Transcribe word for word the lines below from the line with "訪問着t1288 JAPAN STYLE 水色 牡丹に雲" through the line with "ANIVIA Haustier-Kinderwagen und", ends included.

Data under study
####

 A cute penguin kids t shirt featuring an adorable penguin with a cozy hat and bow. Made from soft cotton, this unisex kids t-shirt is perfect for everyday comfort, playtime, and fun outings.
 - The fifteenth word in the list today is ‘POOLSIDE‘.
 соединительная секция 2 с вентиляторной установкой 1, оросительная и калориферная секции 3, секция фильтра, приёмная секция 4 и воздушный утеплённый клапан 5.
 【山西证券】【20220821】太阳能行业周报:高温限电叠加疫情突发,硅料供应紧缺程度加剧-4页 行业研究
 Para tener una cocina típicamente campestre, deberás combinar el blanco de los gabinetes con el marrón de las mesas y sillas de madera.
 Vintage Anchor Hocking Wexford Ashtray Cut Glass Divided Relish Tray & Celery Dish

####

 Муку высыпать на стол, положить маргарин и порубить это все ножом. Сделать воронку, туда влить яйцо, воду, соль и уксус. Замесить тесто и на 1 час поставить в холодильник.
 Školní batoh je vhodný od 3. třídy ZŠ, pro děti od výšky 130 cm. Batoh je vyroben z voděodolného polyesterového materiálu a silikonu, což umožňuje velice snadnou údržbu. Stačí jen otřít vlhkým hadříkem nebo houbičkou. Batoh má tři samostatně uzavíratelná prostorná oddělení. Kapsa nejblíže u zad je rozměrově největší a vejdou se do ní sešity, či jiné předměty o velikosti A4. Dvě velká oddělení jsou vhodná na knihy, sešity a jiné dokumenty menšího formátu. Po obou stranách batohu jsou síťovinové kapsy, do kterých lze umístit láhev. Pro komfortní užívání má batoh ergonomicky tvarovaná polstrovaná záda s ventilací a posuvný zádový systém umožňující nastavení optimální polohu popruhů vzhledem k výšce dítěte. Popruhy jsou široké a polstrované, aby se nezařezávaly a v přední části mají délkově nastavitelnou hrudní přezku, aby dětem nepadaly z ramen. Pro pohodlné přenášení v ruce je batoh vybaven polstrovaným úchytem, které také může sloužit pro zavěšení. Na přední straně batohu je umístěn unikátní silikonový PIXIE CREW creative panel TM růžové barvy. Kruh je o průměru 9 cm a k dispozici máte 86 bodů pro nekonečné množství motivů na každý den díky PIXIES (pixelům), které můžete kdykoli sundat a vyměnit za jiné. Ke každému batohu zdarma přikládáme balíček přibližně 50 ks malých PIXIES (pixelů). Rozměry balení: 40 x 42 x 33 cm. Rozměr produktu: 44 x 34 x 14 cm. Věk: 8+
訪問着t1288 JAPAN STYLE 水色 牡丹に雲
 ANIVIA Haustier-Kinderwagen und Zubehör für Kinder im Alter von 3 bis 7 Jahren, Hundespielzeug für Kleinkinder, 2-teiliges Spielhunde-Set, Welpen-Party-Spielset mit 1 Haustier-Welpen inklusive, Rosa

####

Task result
訪問着t1288 JAPAN STYLE 水色 牡丹に雲
 ANIVIA Haustier-Kinderwagen und Zubehör für Kinder im Alter von 3 bis 7 Jahren, Hundespielzeug für Kleinkinder, 2-teiliges Spielhunde-Set, Welpen-Party-Spielset mit 1 Haustier-Welpen inklusive, Rosa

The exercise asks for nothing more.